WHAT NEEDS TO BE DONE:
Leave the pictures in the listing below aside and reproduce exactly the lines starting with the one with "Volunteers unloading and" and going on through the one with "Frans tafelkleed Jacquard", both ends included.

INFORMATION SHOWN:
+-------+

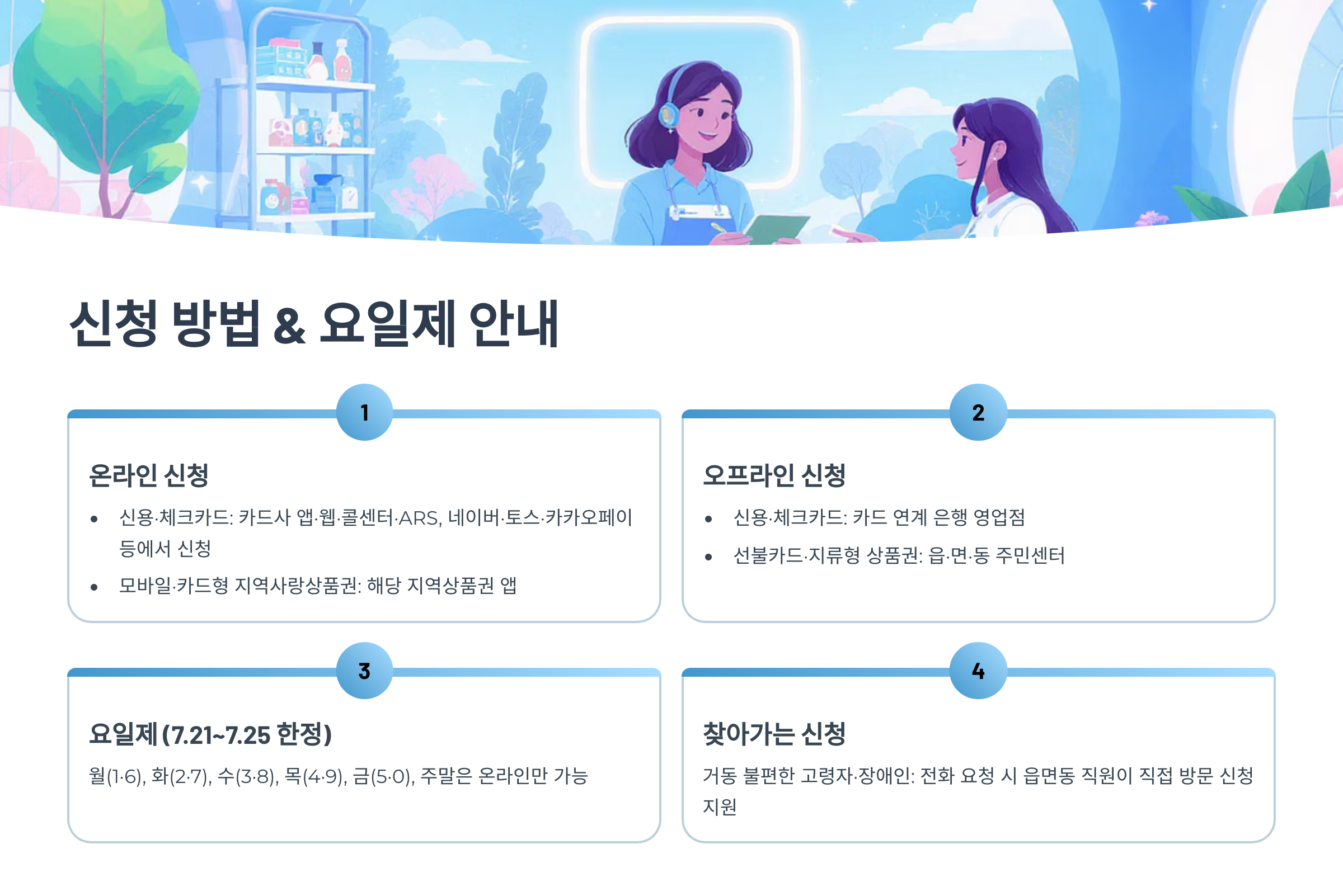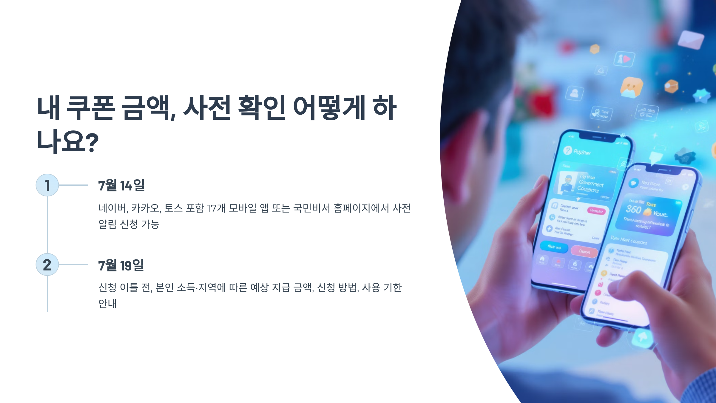 - 7월 19일: 신청 이틀 전, 본인 소득·지역에 따른 예상 지급 금액, 신청 방법, 사용 기한 안내
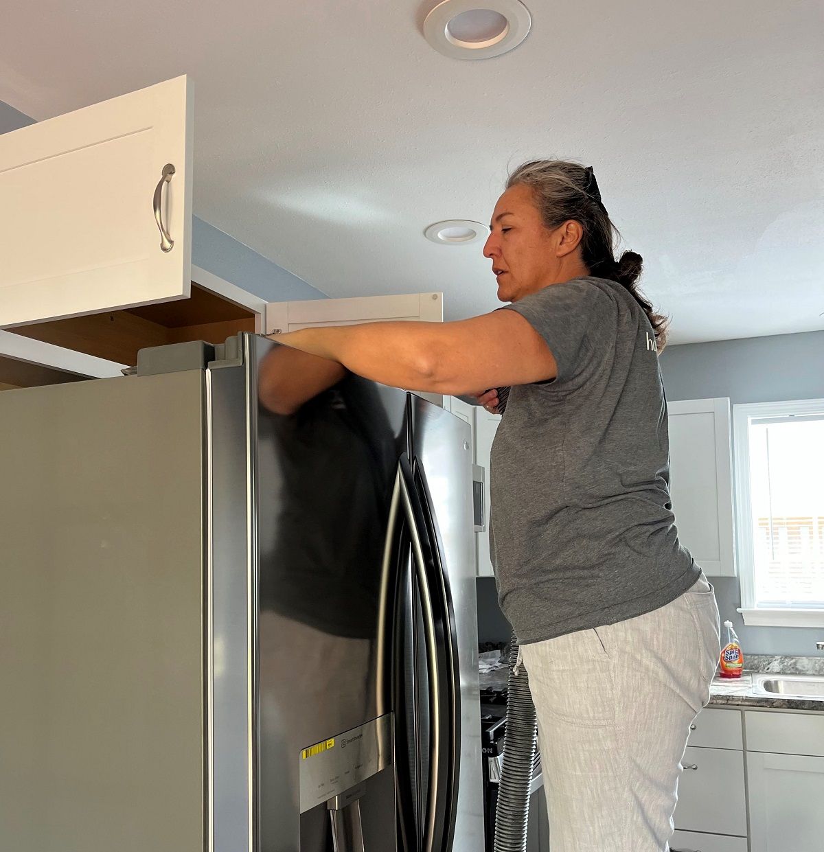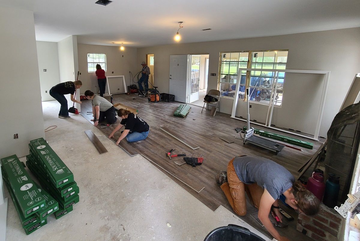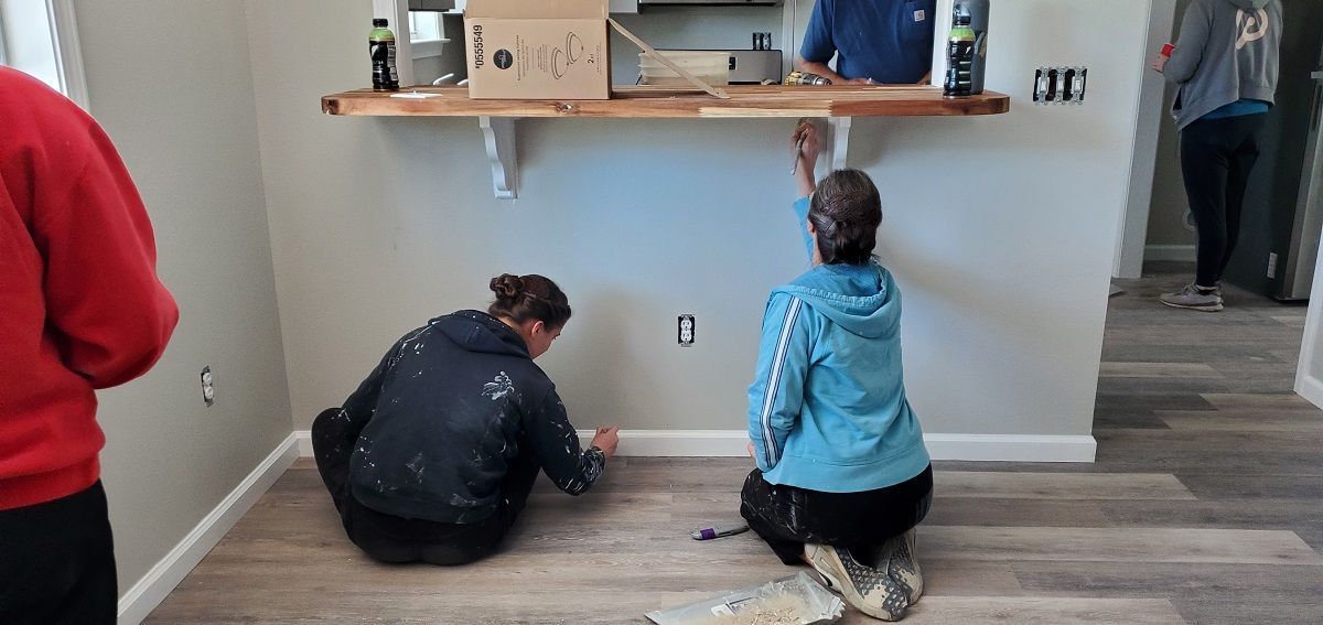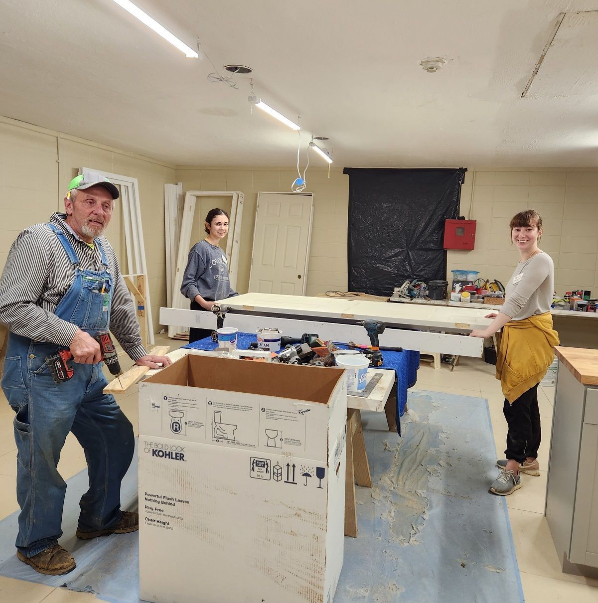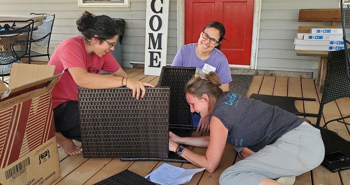 Volunteers unloading and unboxing kitchen cabinets at Erma’s new house
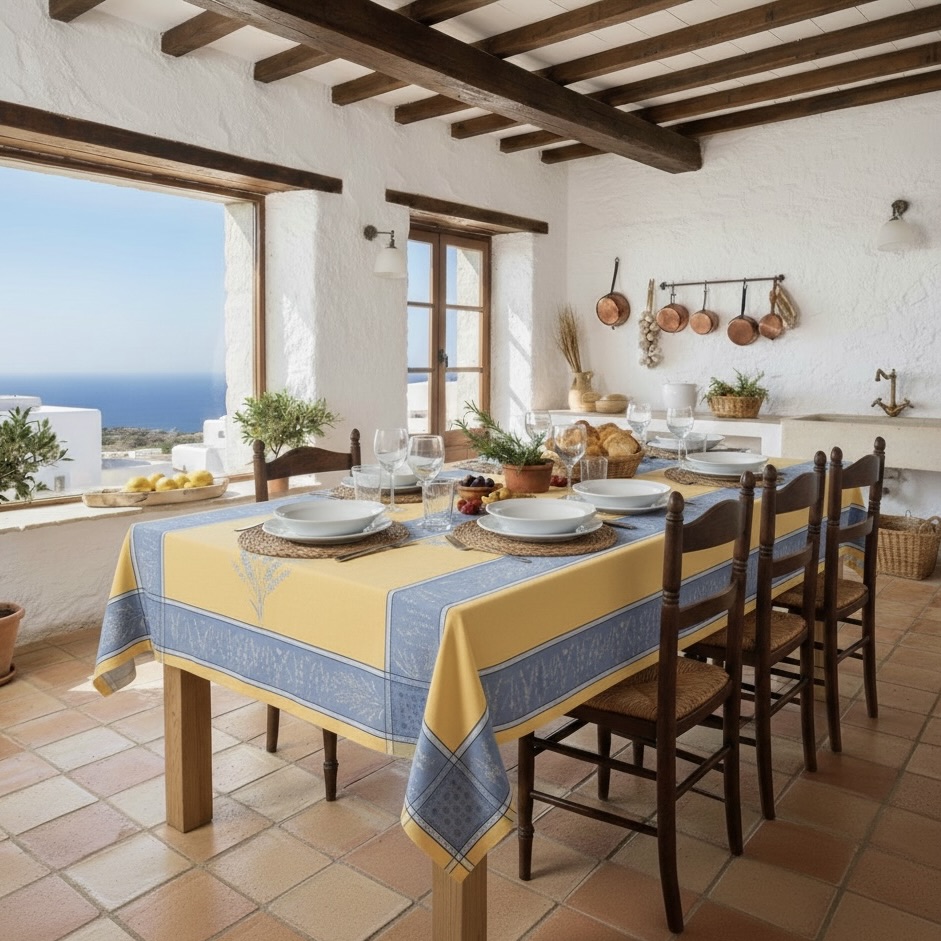 Frans tafelkleed Jacquard Lavandes blauw geel kunt bestellen in de maten 160×200, 160×250 en extra lang 160×350 cm.
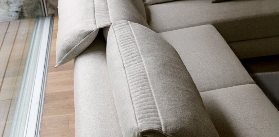 Un’elegante cucitura trapuntata, ispirata al mondo della pelletteria, suddivide il cuscino di schienale in 2 parti imbottite di cui una più piccola, che funziona da poggiareni o poggiatesta a seconda di come viene orientato il cuscino: in questo modo l'utilizzatore può creare il "suo" divano ideale, ottenendo il massimo comfort in ogni situazione, dal relax, alla lettura, alla conversazione.

+-------+

EXERCISE RESULT:
 Volunteers unloading and unboxing kitchen cabinets at Erma’s new house
 Frans tafelkleed Jacquard Lavandes blauw geel kunt bestellen in de maten 160×200, 160×250 en extra lang 160×350 cm.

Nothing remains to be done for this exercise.